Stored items
******************************

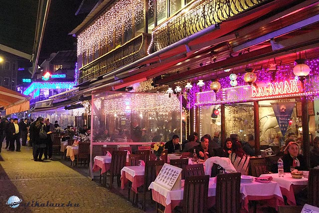 Kebab, vagy Köfte (török fasírt) árusító éttermek szinte mindenfelé találhatóak, legtöbb helyen hatalmas párnák, puha karosszékek között ehetünk. Ilyenkor télen is működtetik a teraszt, vagy gáz, vagy infra melegítővel felszerelve. Mondjuk szerintem 10 fokban ez minden melegítő mellett is hideg, de szabad a választás.
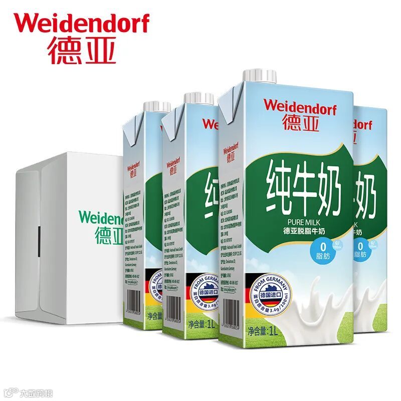 德亚德国原装进口牛奶全脂/脱脂纯牛奶1L
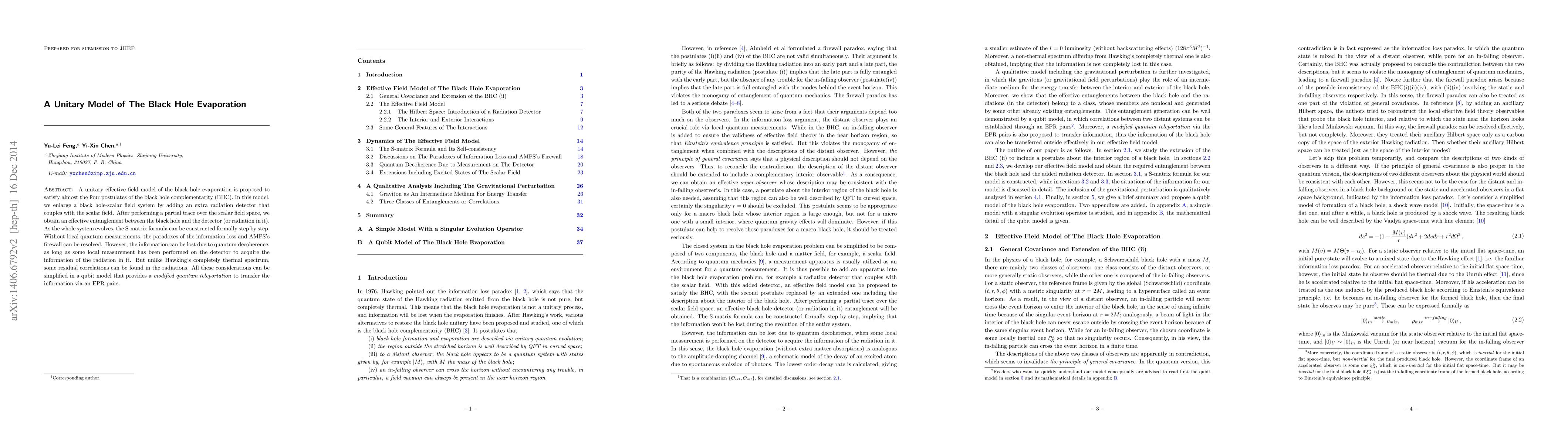 A unitary effective field model of the black hole evaporation is proposed to satisfy almost the four postulates of the black hole complementarity (BHC). In this model, we enlarge a black hole-scalar field system by adding an extra radiation detector that couples with the scalar field. After performing a partial trace over the scalar field space, we obtain an effective entanglement between the black hole and the detector (or radiation in it). As the whole system evolves, the S-matrix formula can be constructed formally step by step. Without local quantum measurements, the paradoxes of the information loss and AMPS's firewall can be resolved. However, the information can be lost due to quantum decoherence, as long as some local measurement has been performed on the detector to acquire the information of the radiation in it. But unlike Hawking's completely thermal spectrum, some residual correlations can be found in the radiations. All these considerations can be simplified in a qubit model that provides a \emph{modified quantum teleportation} to transfer the information via an EPR pairs.
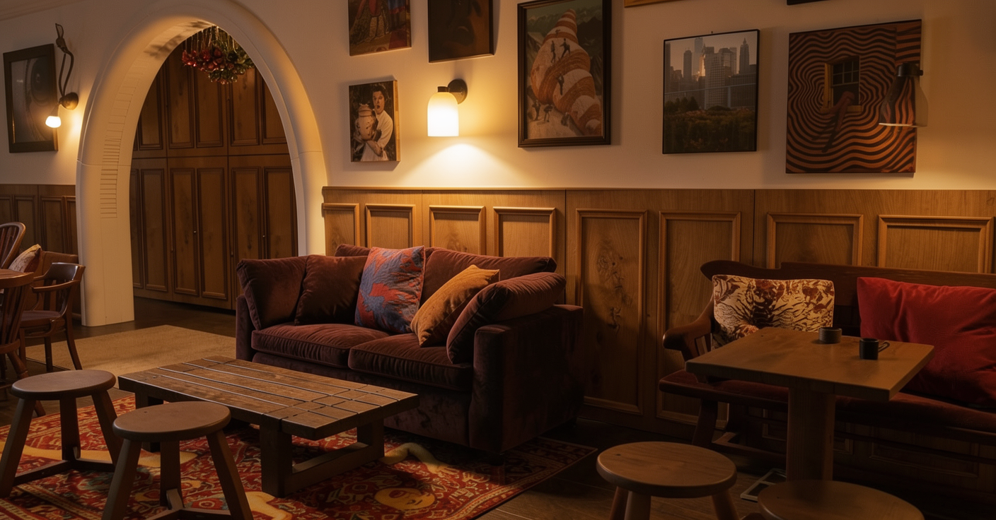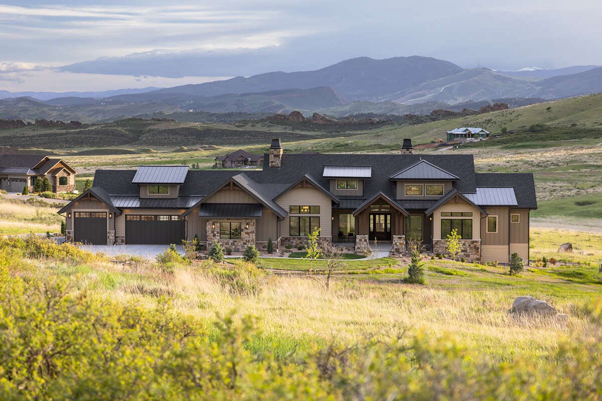 render a stunning modern rustic cabin set on a gentle slope showcasing large glass windows and warm wooden beams enhance the architectural details with a natural stone base in earthy tones illuminate the interior with soft golden lighting to create a cozy inviting glow surround the cabin with lush greenery and spruce trees in varying shades of green set against a cloudy twilight sky with hints of blue and gray to evoke a serene tranquil atmosphere morning light with birds
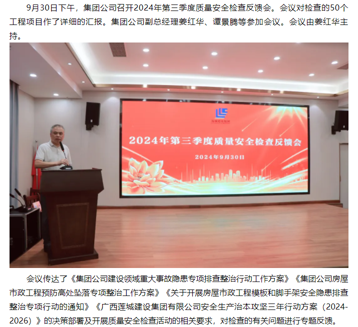 集團公司召開2024年第三季度質(zhì)量安全檢查反饋會
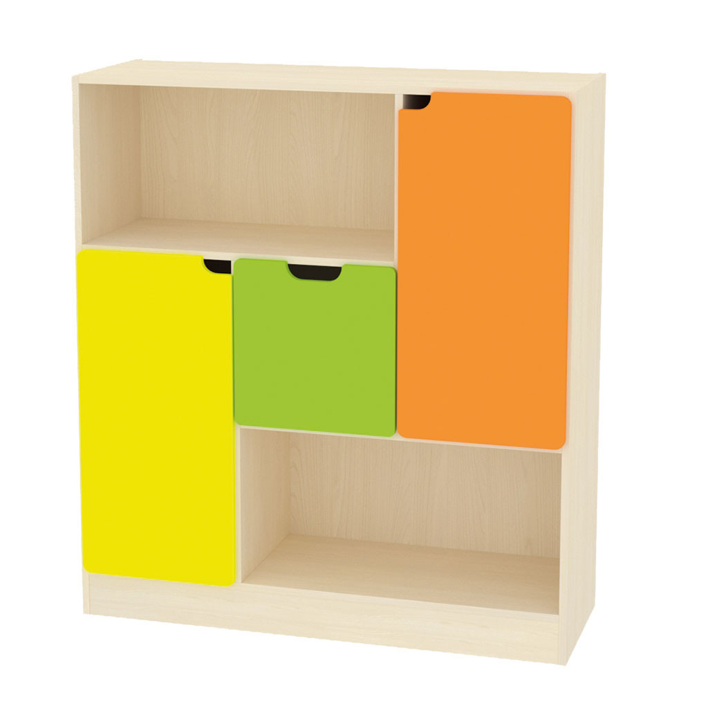 Kombinované 3D skříňky jsou vyrobeny z 18 mm DTD desky, která má zaoblenou ABS bezpečnostní hranu o tloušťce 2 mm. Dvířka jsou vyrobeny ze 16 mm MDF desky, jsou potaženy barevnou fólií a také mají zaoblenou hranu. Na dvířka se dají frézovat vzory, na výběr máte 92 motivů. Liší se typem korpusu, počtem a velikostí kontejnerů a dvířek. Máte možnost vybrat si skříňku podle našeho návrhu (obrázek), nebo si vytvořit vlastní barevnost skříňky. Vedle hlavního obrázku je přiložen typ korpusu. Na výběr máte korpus javor nebo buk.
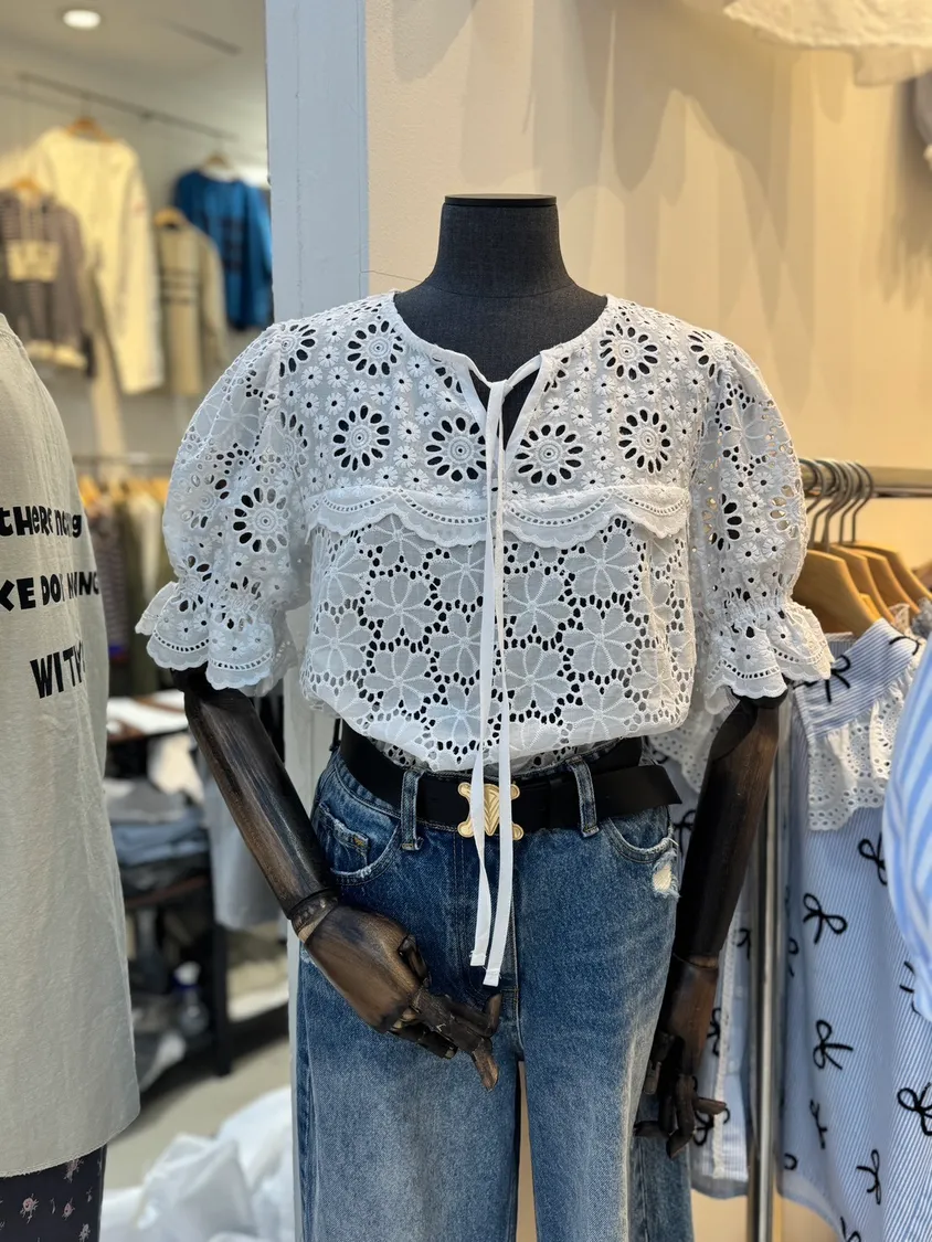 透膚鏤空蕾絲拼接滿版花紋上衣

******************************

Exercise:
Set the lines above down again, word for word, from the first through the one containing "德亚德国原装进口牛奶全脂/脱脂纯牛奶1L"; pictures excluded.

Written response:
 Kebab, vagy Köfte (török fasírt) árusító éttermek szinte mindenfelé találhatóak, legtöbb helyen hatalmas párnák, puha karosszékek között ehetünk. Ilyenkor télen is működtetik a teraszt, vagy gáz, vagy infra melegítővel felszerelve. Mondjuk szerintem 10 fokban ez minden melegítő mellett is hideg, de szabad a választás.
 德亚德国原装进口牛奶全脂/脱脂纯牛奶1L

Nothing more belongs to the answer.